4. Calculate the gene concentrations for all the serial dillutions.

5. Calculate the plasmid copy number in the standard samples the same way.

6. Assign the obtained chromosome Ct values to chromosome number in the sample by plotting a graph Chromosome Ct = f(log(chromosome number).

7. Assign the obtained plasmid Ct to the the real number of plasmids by plotting plasmid Ct = f(log(plasmid number)).




Copy Number Determination qPCR




Lysate standard sample qPCR




1. Inoculate a single colony into 5 mL of liquid LB medium with corresponding antibiotic and incubate in the shaker at 37oC.

2. After 14-16 h of growth, transfer 100 μL of suspended cells to fresh 5 mL of liquid LB medium with corresponding antibiotic and incubate at 37oC untill the OD600 reaches 0.7-0.8.
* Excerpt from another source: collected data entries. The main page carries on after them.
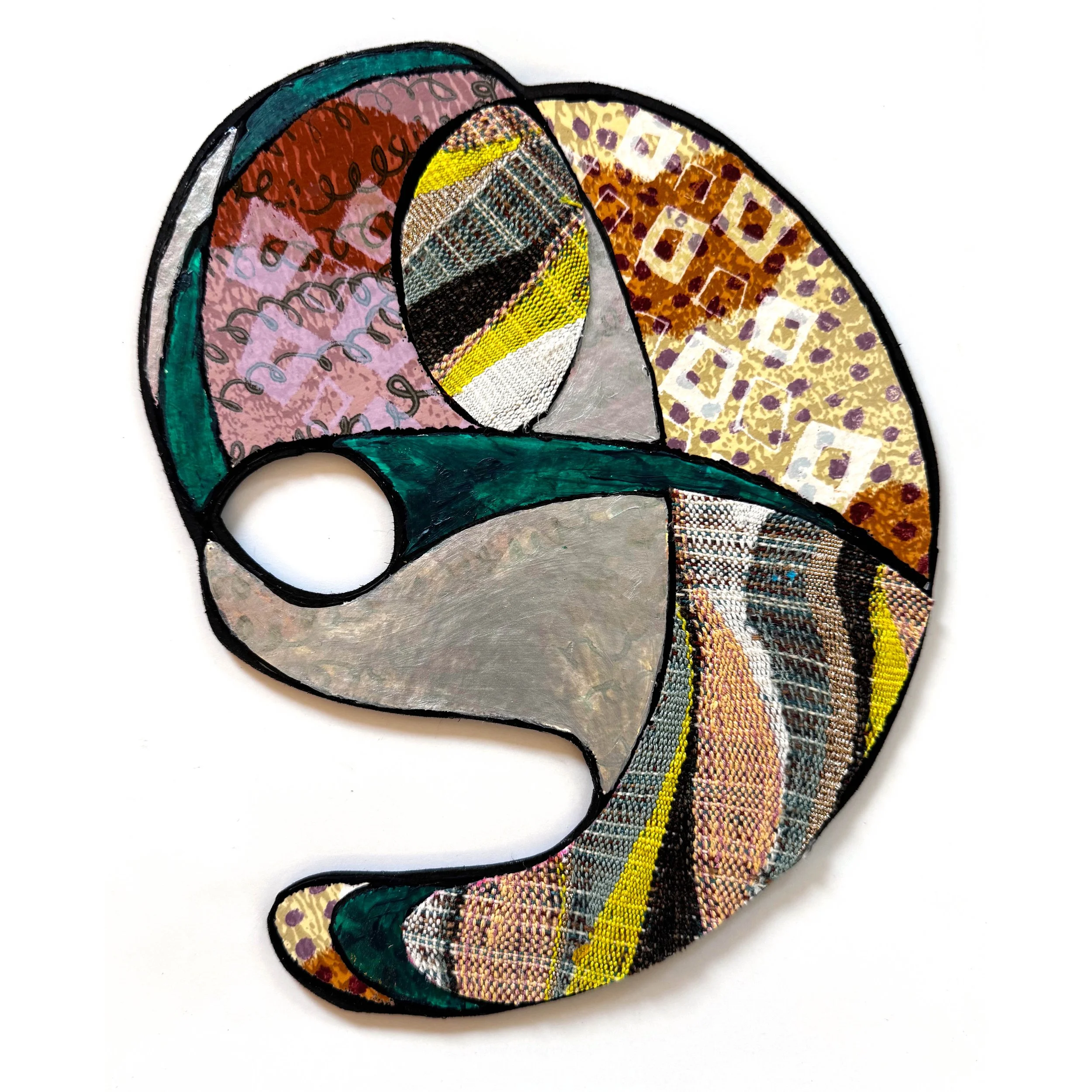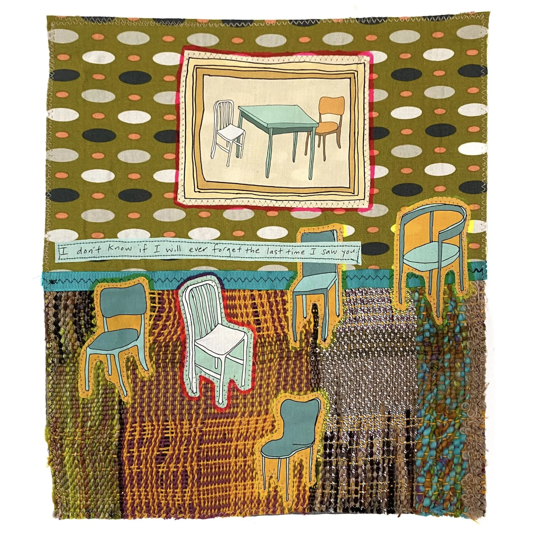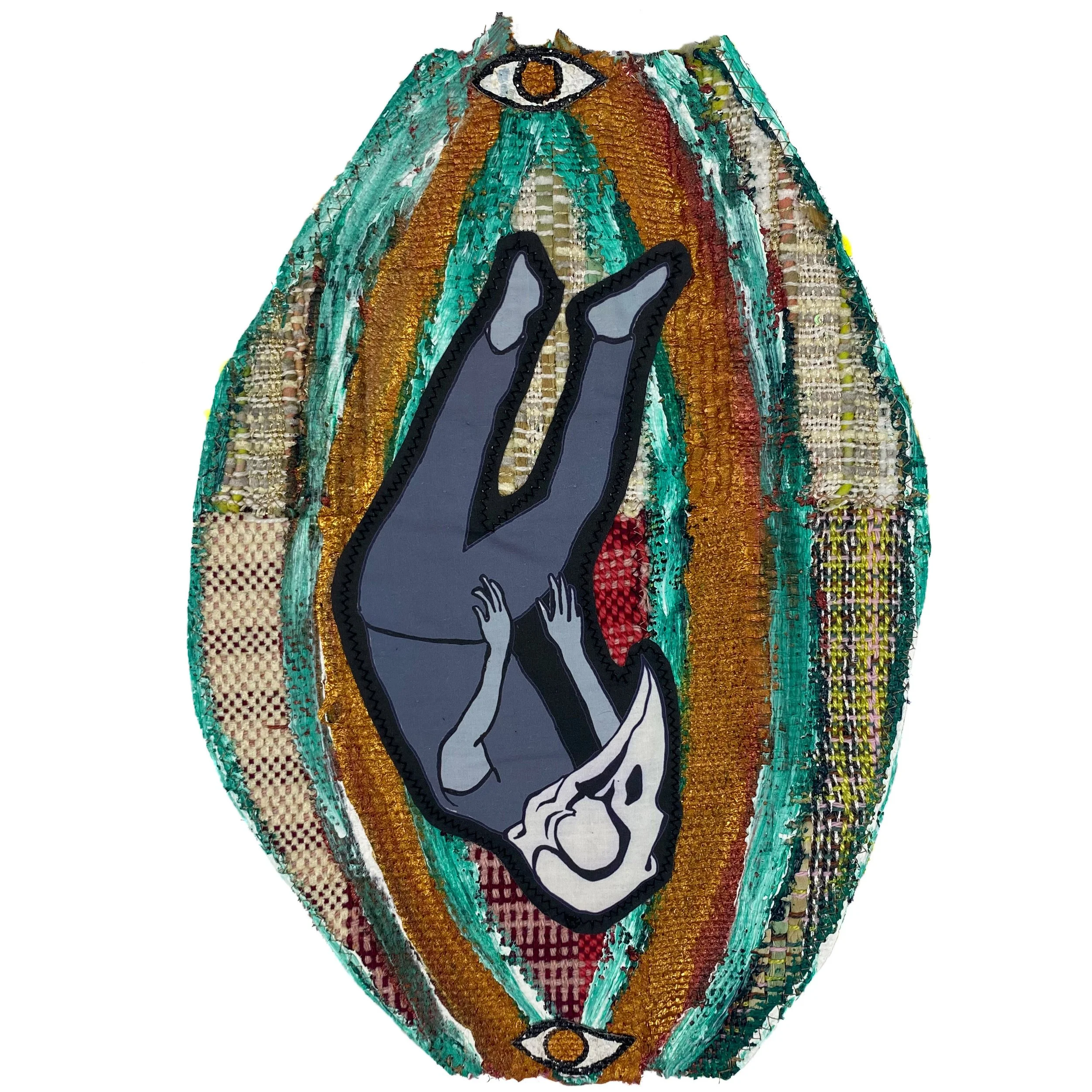 Leaves202570” x 75”Handwoven fabric, hand-spun and dyed yarn, burlap, safety pins
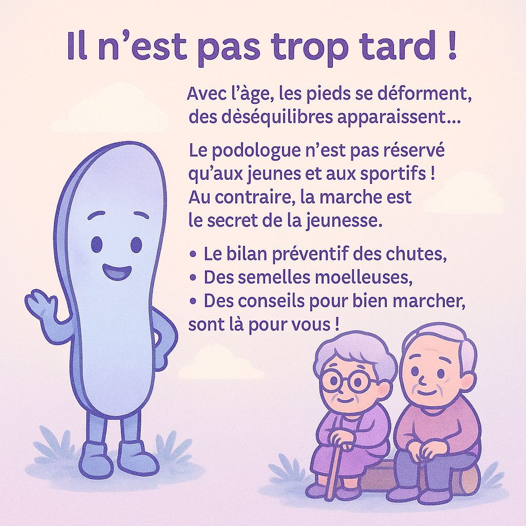 La marche est le secret de la jeunesse. Et notre mission, en tant que podologues, est de vous aider à la garder vivante, confortable et sécurisée, à chaque étape de votre vie.
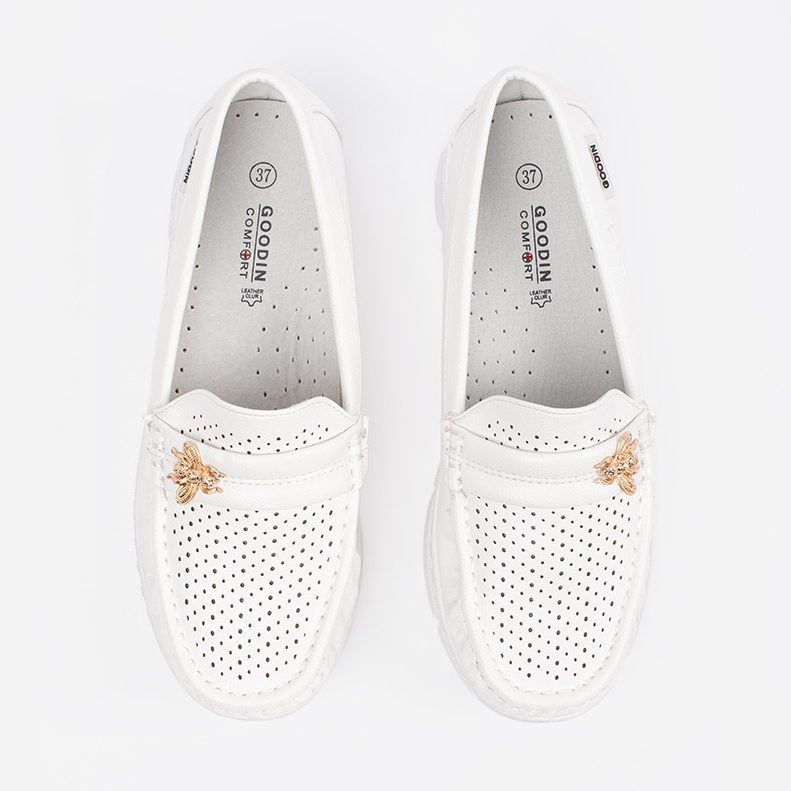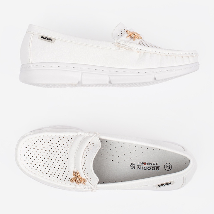 Nous présentons des mocassins blancs de Goodin Women, qui combinent harmonieusement l'élégance avec un confort exceptionnel. Ces chaussures glissantes se réjouissent d'un design simple et élégant, correspondant parfaitement aux stylisations tous les jours et plus formelles.

3. Spin down a suspended 1 mL of cells of 0.7 OD600 at 8.0g for 15 min.

(Growth conditions are specified at the end of the protocol).
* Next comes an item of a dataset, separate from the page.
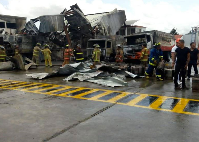 El incendio destruyó al menos 2.400 cilindros de gas, 6 camiones y 2 vehículos pequeños, mientras que otros 17 camiones usados para repartir el producto quedaron quemados parcialmente.
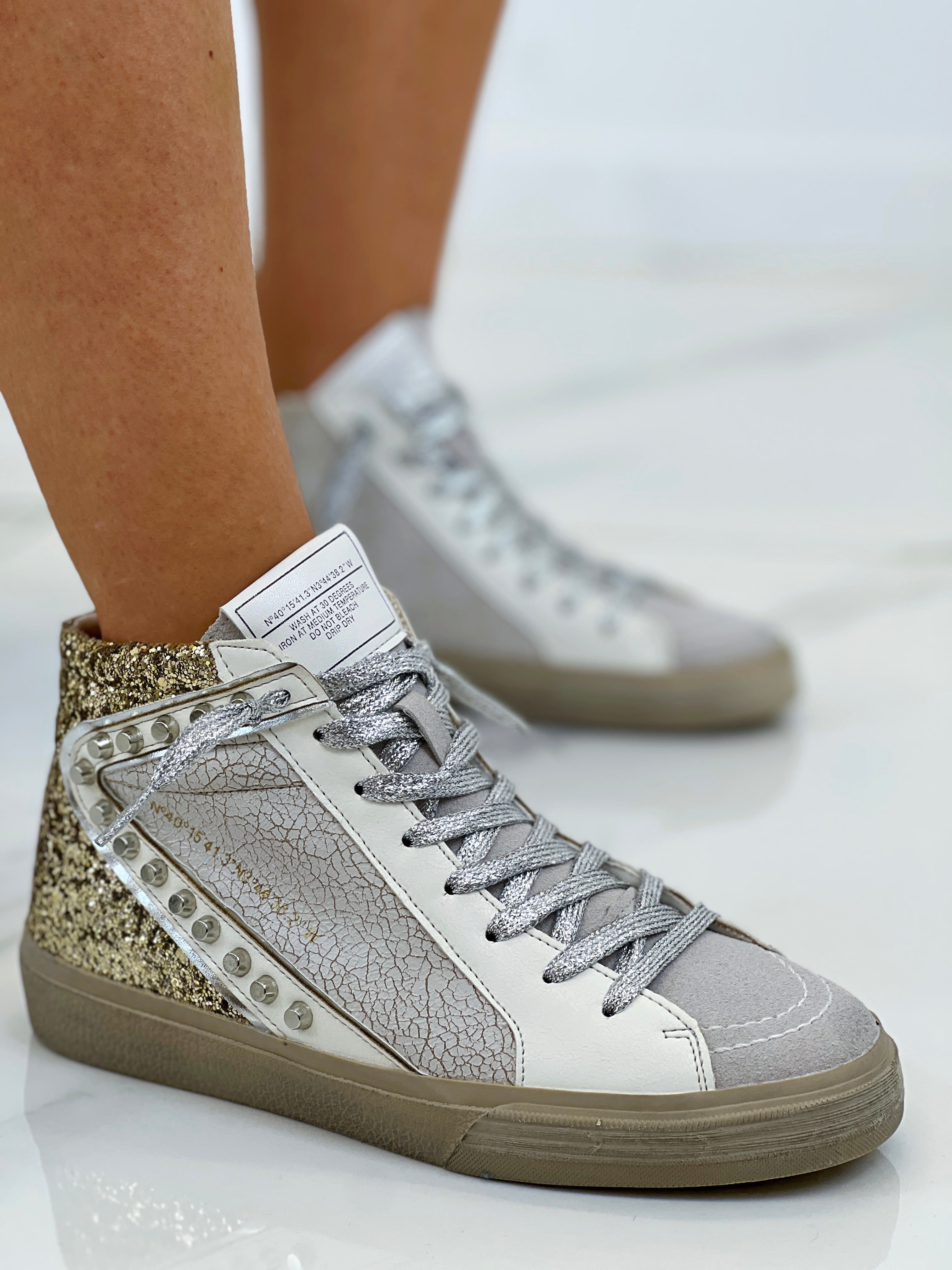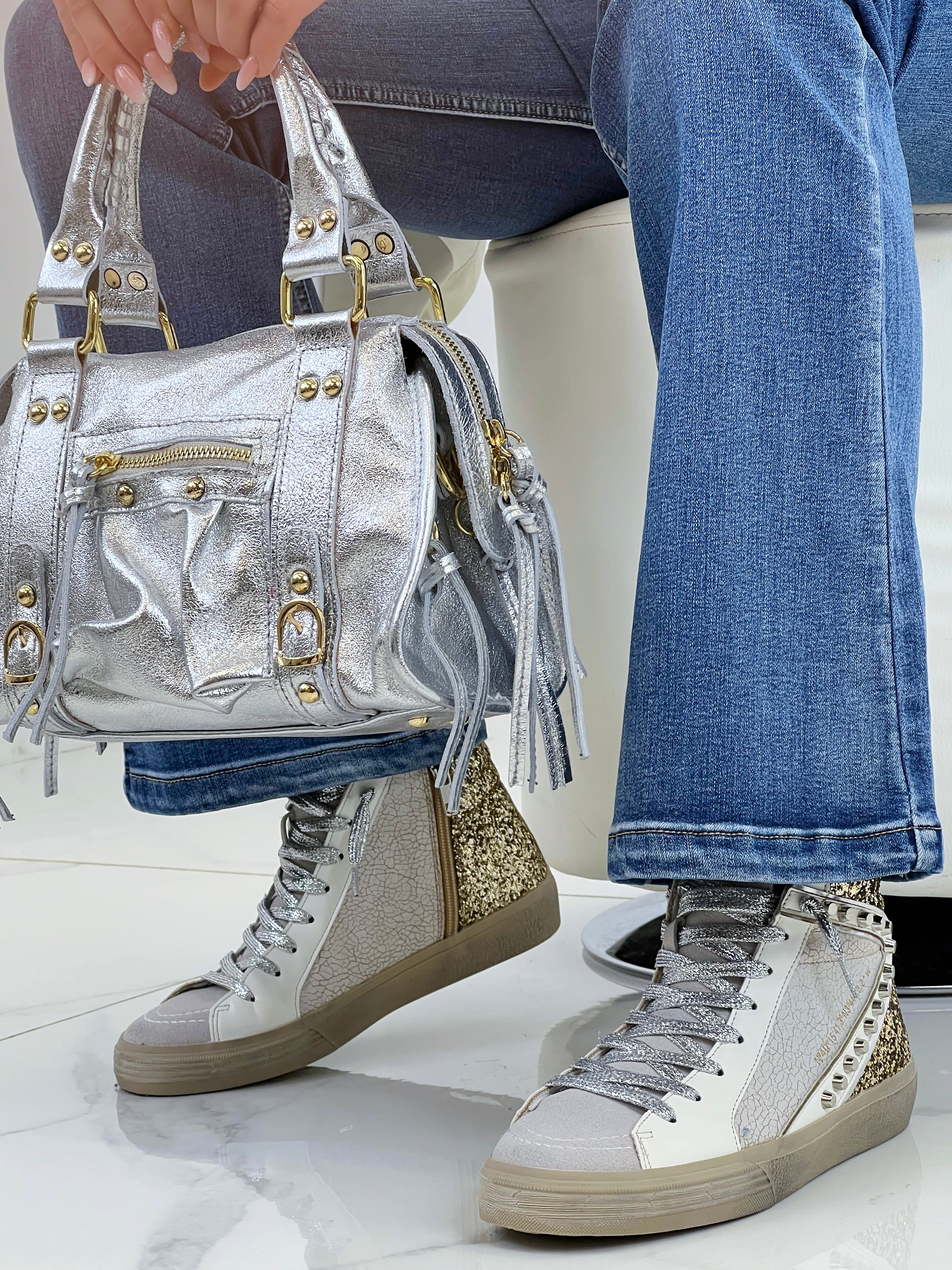 Zapatilla deportiva de estilo retro con combinación de materiales. Detalle de tachas. Cierre mediante cordones. Altura de la suela 2`5cm.

4. Remove the medium and resuspend the cell pellet in 1 mL of PBS.

5. Spin down the suspended of cells at 8.0g for 15 min.

6. Repeat steps 2 and 3.

7. Completely remove PBS from the cell pellet.

8. Incubate cells at 95o C for 10 min.

9. Store cells at -20o C for 10 min.

10. Completely resuspend dry cell pellet in 100 μL of water by pipetting. Then vortex for 30s and spin down.

11. Make an initial dilution by transferring 10 μL of resuspended cell to 40 μL of water. Pipet carefully vortex for 30s and spin down.

12. Make a second dilution by transferring 10 μL of to 90 μL of water. Pipet carefully vortex for 30s and spin down.

13. For X reactions, make two different mixes using chromosome gene and plasmid gene primers:

X*6 μL of water

X*1 μL Forward primer 20uM

X*1 μL Reverse primer 20uM

X*10 μL of SYBR Green

14. First, transfer 18 μL of mix with chromosome primers to first X tubes, then transfer 18 μL of plasmid primers mix to other X tubes (X*2 tubes)

15. Add 2 μL of each diluted sample to the tubes.

16. Gently close the caps.

17. Run the reaction.

For steps 13-15, increase the volumes by a factor of desired technical replicate numbers.




Step	Time	Temperature
PCR initial activation step	5 min	95° C
Two-step cycling
Denaturation	10 s	95° C
Combined annealing/extension	30 s	60° C
Repeat two-step cycling for 35-40 cycles




Data Analysis




1. By using the equation from standard curve that relates plasmid Ct value to real plasmid number calculate the plasmid number in the sample.

2. By using the equation that relates chromosome Ct to real chromosome number calculate the number of chromosomes in the sample.

3. Chromosome number = cell number. Therefore, by dividing the obtained plasmid number by chromosome number we can find the plasmid per cell number.

[1] Q. Tu, J. Yin, J. Fu, J. Herrmann, Y. Li, Y. Yin, A. F. Stewart, R. Müller and Y. Zhang, 2016, 6, 24648.